David Iben put it well when he said, 'Volatility is not a risk we care about. What we care about is avoiding the permanent loss of capital.' So it seems the smart money knows that debt - which is usually involved in bankruptcies - is a very important factor, when you assess how risky a company is. Importantly, T Scientific Co.,Ltd. (KOSDAQ:057680) does carry debt. But the real question is whether this debt is making the company risky.

When Is Debt A Problem?

Generally speaking, debt only becomes a real problem when a company can't easily pay it off, either by raising capital or with its own cash flow. If things get really bad, the lenders can take control of the business. However, a more common (but still painful) scenario is that it has to raise new equity capital at a low price, thus permanently diluting shareholders. Of course, plenty of companies use debt to fund growth, without any negative consequences. The first thing to do when considering how much debt a business uses is to look at its cash and debt together.

View our latest analysis for T ScientificLtd

How Much Debt Does T ScientificLtd Carry?

As you can see below, T ScientificLtd had ₩3.99b of debt at June 2024, down from ₩20.4b a year prior. However, its balance sheet shows it holds ₩10.8b in cash, so it actually has ₩6.85b net cash.
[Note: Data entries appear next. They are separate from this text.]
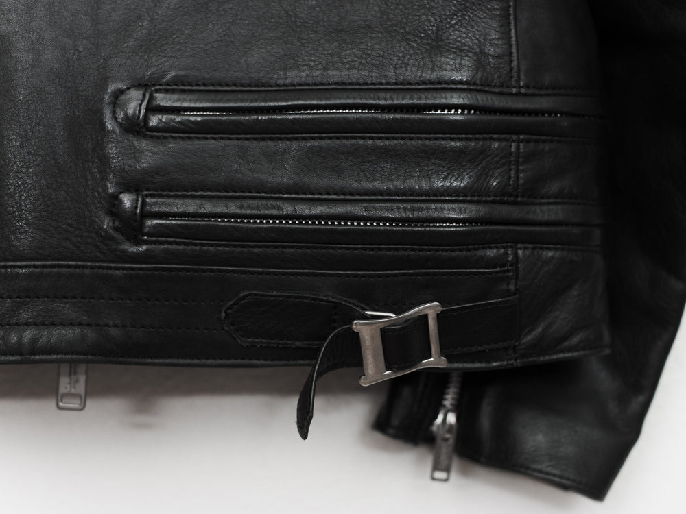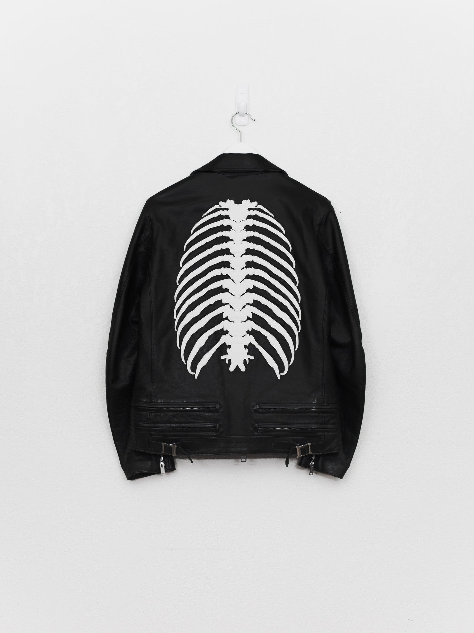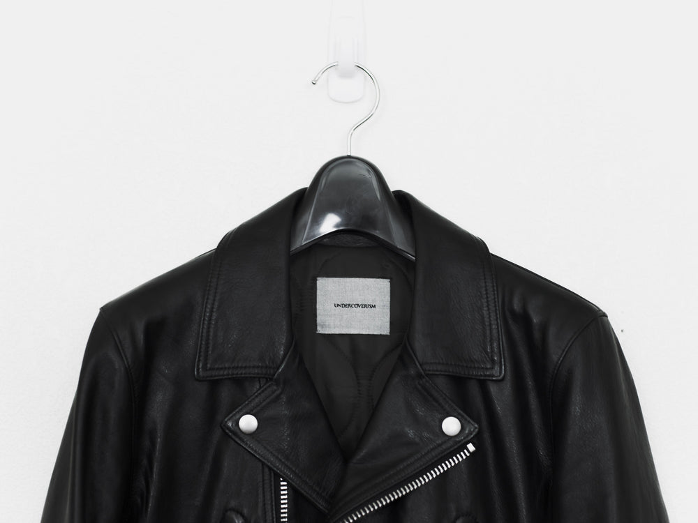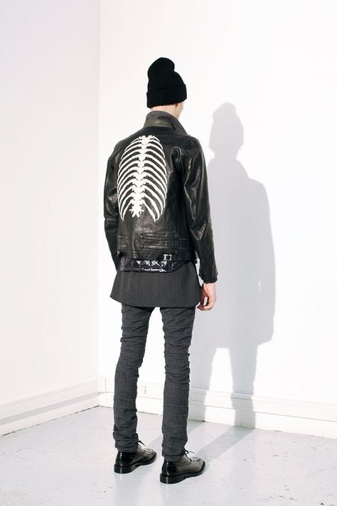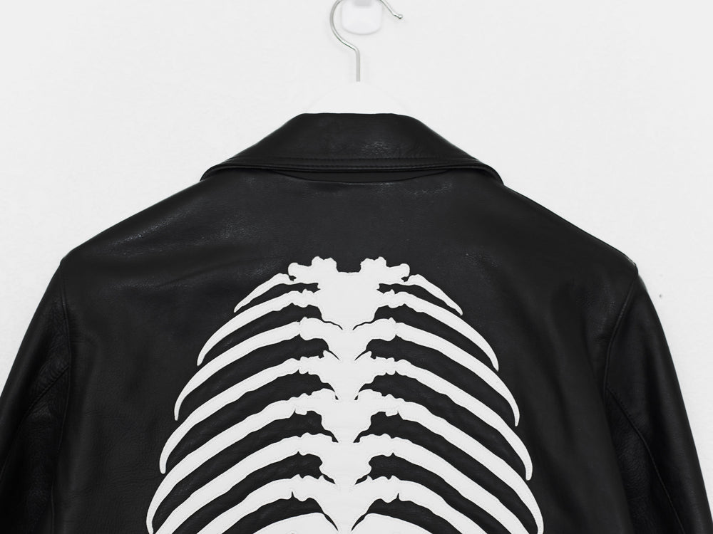 Absolutely amazing and impossible to find piece from Undercover's 13AW 'Anatomicouture' featuring an intricate ribcage design of stitched leather. Composed of the most supple calf I've ever handled and fully cupro lined with the perfect amount of light padding, I consider this the best rider by Undercover, after owning almost every other UC leather.
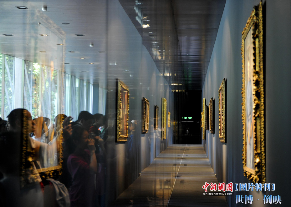 世博园法国馆内,游客拍摄着玻璃罩内的国宝油画。中新社记者 廖攀 摄
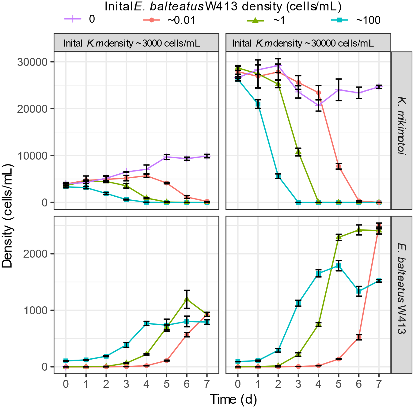 图2 不同初始密度的波罗的游仆虫对于不同发展阶段的米氏凯伦藻模拟赤潮的防控效果。

KOSDAQ:A057680 Debt to Equity History October 2nd 2024

How Healthy Is T ScientificLtd's Balance Sheet?

We can see from the most recent balance sheet that T ScientificLtd had liabilities of ₩29.4b falling due within a year, and liabilities of ₩3.28b due beyond that. Offsetting this, it had ₩10.8b in cash and ₩23.0b in receivables that were due within 12 months. So it actually has ₩1.20b more liquid assets than total liabilities.
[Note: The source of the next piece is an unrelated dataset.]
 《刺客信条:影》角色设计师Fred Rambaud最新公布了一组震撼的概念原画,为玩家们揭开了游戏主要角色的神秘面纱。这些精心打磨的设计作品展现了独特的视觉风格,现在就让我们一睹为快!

Having regard to T ScientificLtd's size, it seems that its liquid assets are well balanced with its total liabilities. So it's very unlikely that the ₩80.5b company is short on cash, but still worth keeping an eye on the balance sheet. Succinctly put, T ScientificLtd boasts net cash, so it's fair to say it does not have a heavy debt load! When analysing debt levels, the balance sheet is the obvious place to start. But it is T ScientificLtd's earnings that will influence how the balance sheet holds up in the future. So if you're keen to discover more about its earnings, it might be worth checking out this graph of its long term earnings trend.

In the last year T ScientificLtd wasn't profitable at an EBIT level, but managed to grow its revenue by 152%, to ₩35b. So its pretty obvious shareholders are hoping for more growth!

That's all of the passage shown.